# Month: October 2020

This post is inspired from the exam of my master course on stochastic calculus. The processes considered in this post are in continuous time, defined on a filtered probability space ${(\Omega,\mathcal{F},{(\mathcal{F}_t)}_{t\geq0},\mathbb{P})}$, adapted, and have almost surely continuous trajectories.

Local martingales. If ${{(M_t)}_{t\geq0}}$ is a martingale, the Doob stopping theorem states that if ${T}$ is a stopping time, then the stopped process ${{(M_{t\wedge T})}_{t\geq0}}$ is again a martingale.

Stopping can be used in general to truncate the trajectories of a process with a cutoff, in order to gain more integrability or tightness, while keeping adaptation and continuity. Typically if ${{(X_t)}_{t\geq0}}$ is an adapted process, we could consider the sequence of stopping times ${{(T_n)}_{n\geq0}}$ defined by

$T_n=\inf\{t\geq0:|X_t|\geq n\},$

which satisfies almost surely ${T_n\nearrow+\infty}$ as ${n\rightarrow\infty}$ and for which for all ${n}$ the stopped process ${{(X_{t\wedge T_n})}_{t\geq0}}$ is bounded by ${|X_0|\vee n}$. Since ${X}$ is continuous, almost surely, for all ${t\geq0}$, ${\lim_{n\rightarrow\infty}X_{t\wedge T_n}=X_t}$. We say that ${{(T_n)}_{n\geq0}}$ is a localizing sequence.

Now a local martingale is simply an adapted processes ${{(X_t)}_{t\geq0}}$ such that for all ${n\geq0}$ the stopped process ${{(X_{t\wedge T_n})}_{t\geq0}}$ is a (bounded) martingale.

Every martingale is a local martingale.
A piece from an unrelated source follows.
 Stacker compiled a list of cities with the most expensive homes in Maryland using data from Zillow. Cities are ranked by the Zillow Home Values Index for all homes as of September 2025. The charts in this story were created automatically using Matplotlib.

However the converse is false, and strict local martingales do exist. We give below one of the most famous example. Local martingales also popup naturally in the construction of the Itô stochastic integral. We give below a simple example of a stochastic integral which is a strict local martingale.
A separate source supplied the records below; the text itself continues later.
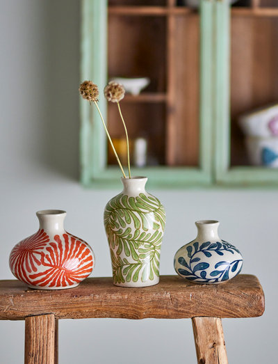 The Fauni Vases by Creative Collection are a decorative set of three small vases. The vases are hand-painted with plant motifs in three different lovely colors; green, red, and blue. Each vase will be unique, as each brushstroke adds a personal touch and creates small variations in the design.
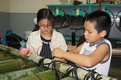 太い竹をのこぎりで切り分けたり、 ビニールテープでつなぎ合わせたり、みんなで協力して完成させることができました。
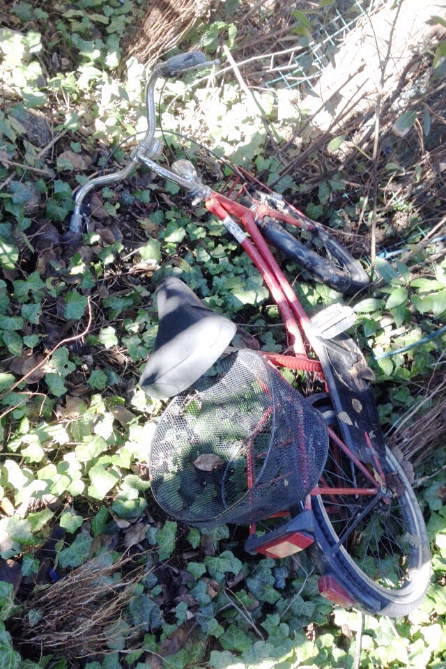 “Segnalo un bici rossa tipo Graziella abbandonata sul costone FFSS nel bosco del tombotto. Grazie”
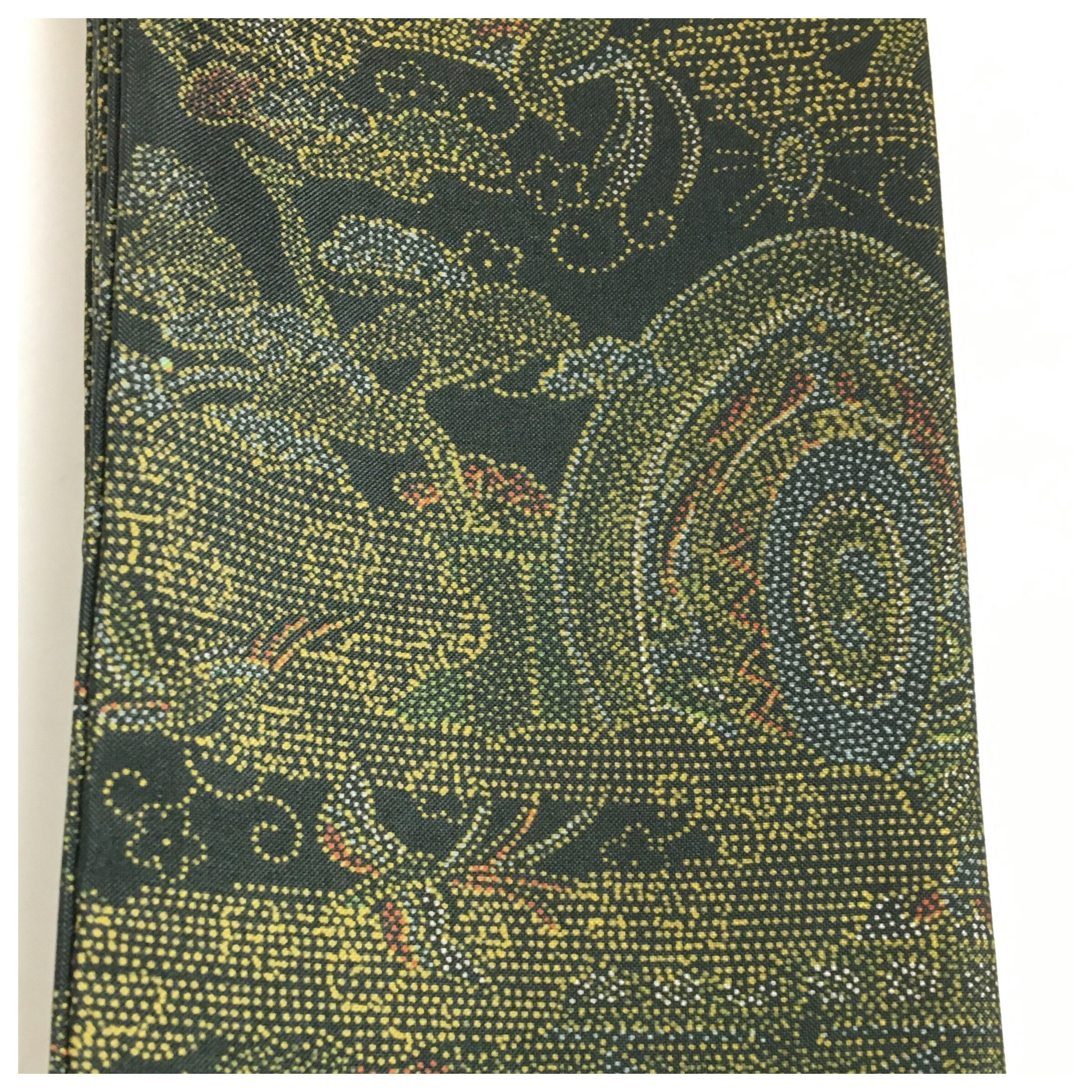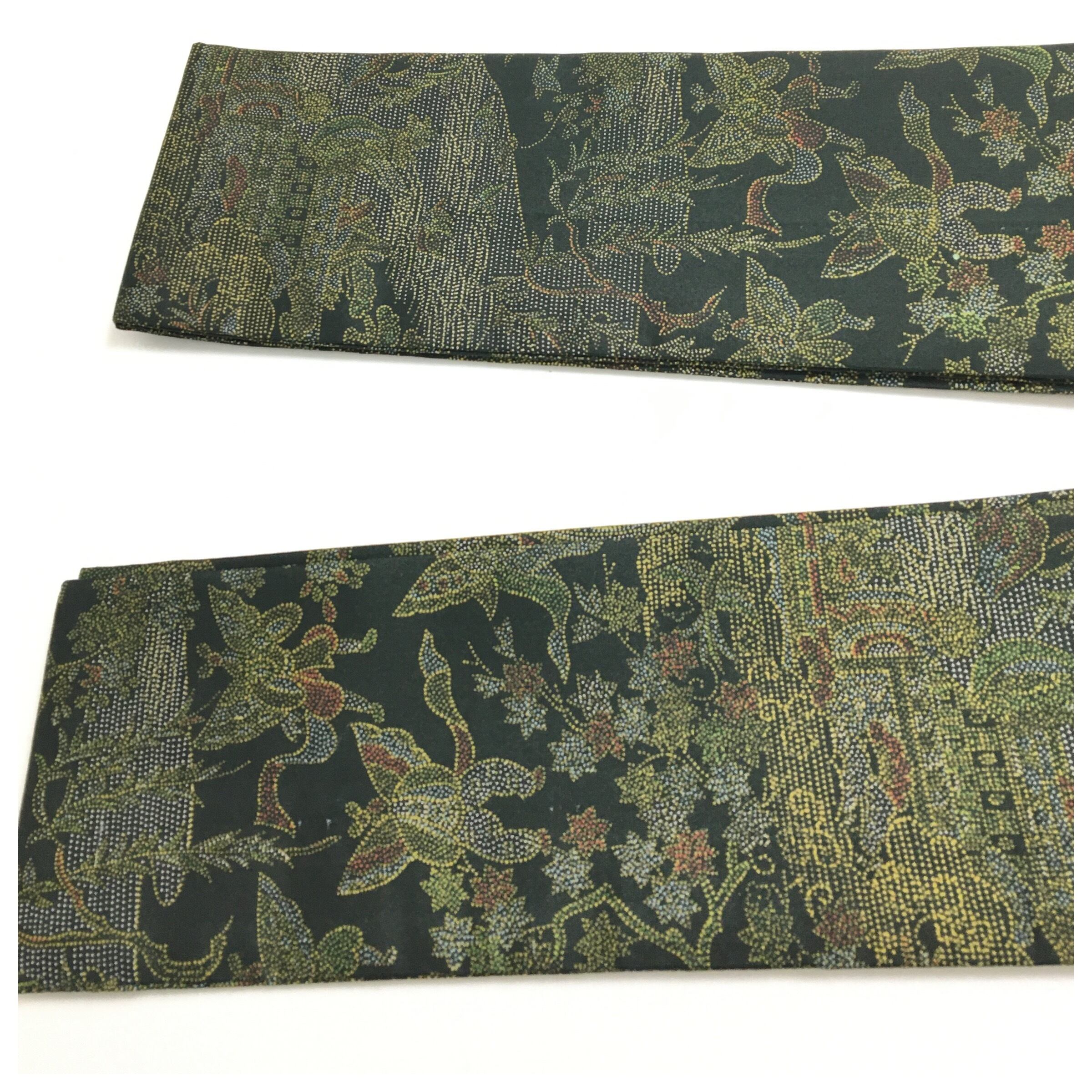 意匠には、伝統的な風景や文様が緻密な点描(ドット)のように表現された、奥行きのある古典柄が施されています。深みのある緑を含んだような黒の地に、豊かな色彩が浮かび上がる、非常に凝ったデザインです。
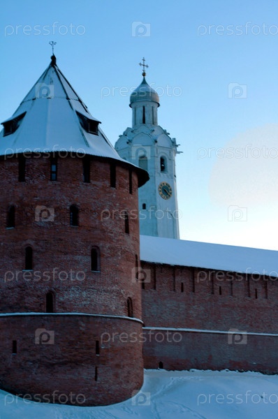 Столичная башня и часы, звонившие с новгородскими заключенными в Великом Новгороде. январь 2026
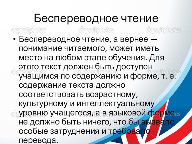 Слайд 5Беспереводное чтение

Domination. If ${{(X_t)}_{t\geq0}}$ is a local martingale which is dominated by an integrable random variable, in the sense that ${\mathbb{E}\sup_{t\geq0}|X_t|<\infty}$, then ${{(X_t)}_{t\geq0}}$ is a martingale, and in fact a uniformly integrable martingale. Namely, for all ${t\geq0}$ and all ${s\in[0,t]}$, by dominated convergence used twice and the martingale property for the stopped process,

$\begin{array}{rcl} \mathbb{E}(X_s) &=&\mathbb{E}(\lim_{n\rightarrow\infty}X_{s\wedge T_n})\\ &=&\lim_{n\rightarrow\infty}\mathbb{E}(X_{s\wedge T_n})\\ &=&\lim_{n\rightarrow\infty}\mathbb{E}(X_{t\wedge T_n}\mid\mathcal{F}_s)\\ &=&\mathbb{E}(\lim_{n\rightarrow\infty}X_{t\wedge T_n}\mid\mathcal{F}_s)\\ &=&\mathbb{E}(X_t\mid\mathcal{F}_s). \end{array}$

Therefore strict local martingales are not dominated, their supremum is not integrable. However strict local martingales can be uniformly integrable, and even bounded in ${\mathrm{L}^2}$.
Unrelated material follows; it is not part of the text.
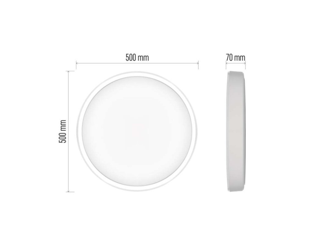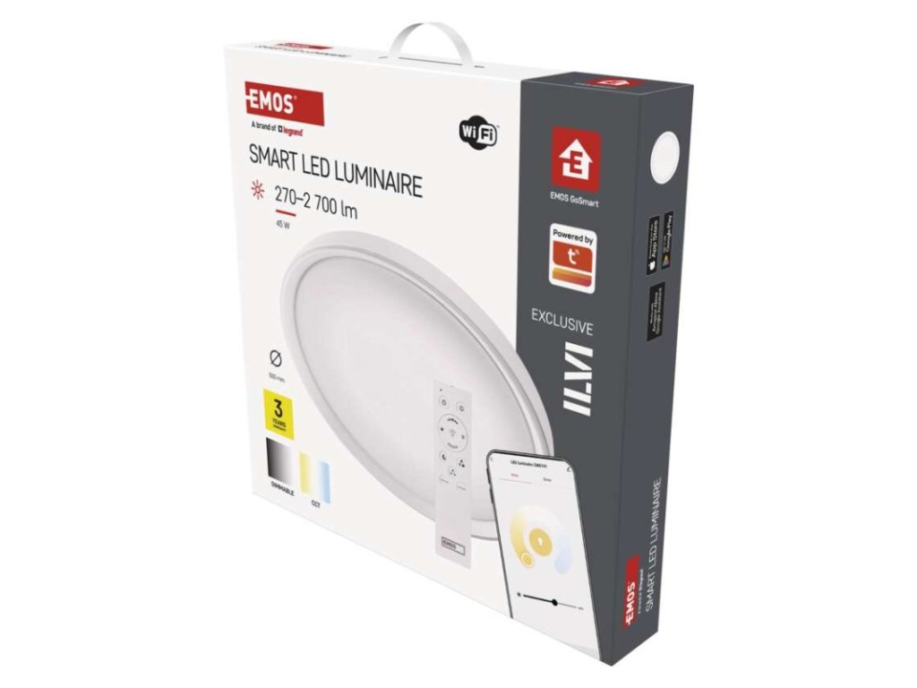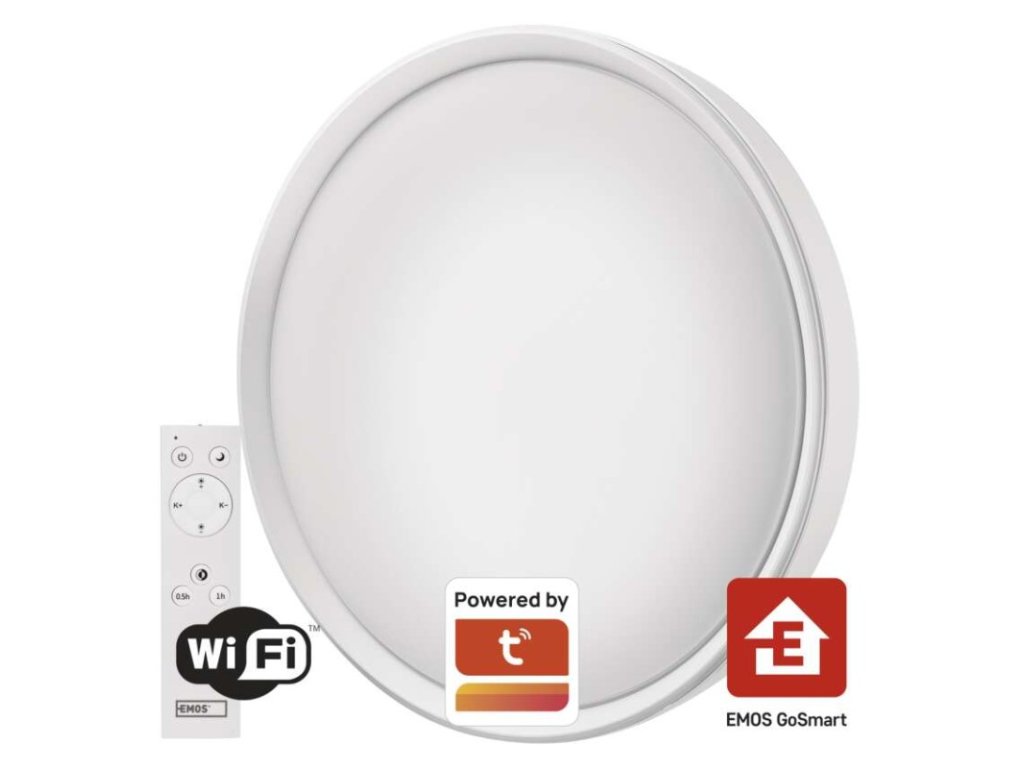 ďalšie funkcie: –|diaľkový ovládač: áno (2× AAA, R03)|do chodby a na schodisko: áno|do dielne a garáže: nie|do kancelárie: áno|do kuchyne: áno|do kúpeľne: nie|do obývačky, spálne a detskej izby: áno|dosah senzora: nemá senzor|do záhrady a na balkón: nie|farba svetla: teplá biela–studená biela|farba tela: biela|flicker-free: áno|frekvencia: 50/60 Hz|index podania farieb (CRI): Ra > 80|jazyky aplikácie: EN, CZ, SK, PL, DE, HU, SI, FR, + 60 ďalších jazykov|kategória: EXCLUSIVE|kompatibilita: EMOS GoSmart, TUYA, LIDL, Smartlife, otvorený systém|krytie: IP20|materiál difúzora: plast (PMMA)|materiál LGP: neuvádza sa|materiál tela: oceľový plech|montážny otvor: neuvádza sa|možnosť stmievania: áno|náhrada za žiarovku: 160 W|napätie: 220–240 V|notifikácie do mobilnej aplikácie: áno|obsah balenia: –|ovládanie hlasovými asistentmi: áno|podporované OS: Android, iOS|pohybový senzor: neuvádza sa|predajný obal: 1 ks, krabica|prenosová frekvencia: 2,4 GHz WIFI (IEEE802.11b/g/n)|príkon: 45 W|protokol: Wi-Fi|prúd: 450 mA|rada: GoSmart|rozmer: priemer 500 × 70 mm|spôsob montáže: prisadené|svetelná účinnosť: 60 lm/W|svetelný tok: 2 700 lm|teplota chromatičnosti: 2 700–6 500 K|tvar: kruh|typ difúzora: mliečny|typ svietidla: klasické svietidlo|účinník: > 0,9|UGR<: neuvádza sa|uhol vyžarovania: 115°|umiestnenie: stropné/nástenné|výstupný prúd zo zdroja: 175 mA|záručná doba: 3 roky|zdroj svetla: LED|životnosť: 30 000 hodínDodatočné parametre
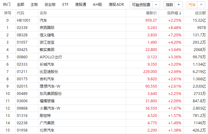 汽车板块由跌转升,截至出稿,Apollo出行、长城汽车均涨超3%、比亚迪股份、理想汽车、吉利汽车涨超2%,小鹏汽车、广汽集团涨超1%。

A strict local martingale bounded in ${\mathrm{L}^2}$. Let ${{(B_t)}_{t\geq0}}$ be a standard Brownian motion in ${\mathbb{R}^3}$ issued from ${x\in\mathbb{R}^3}$ with ${x\neq0}$. Then the inverse Bessel process ${{(|B_t|^{-1})}_{t\geq0}}$ is a well defined local martingale, bounded in ${\mathrm{L}^2}$, but is not a martingale.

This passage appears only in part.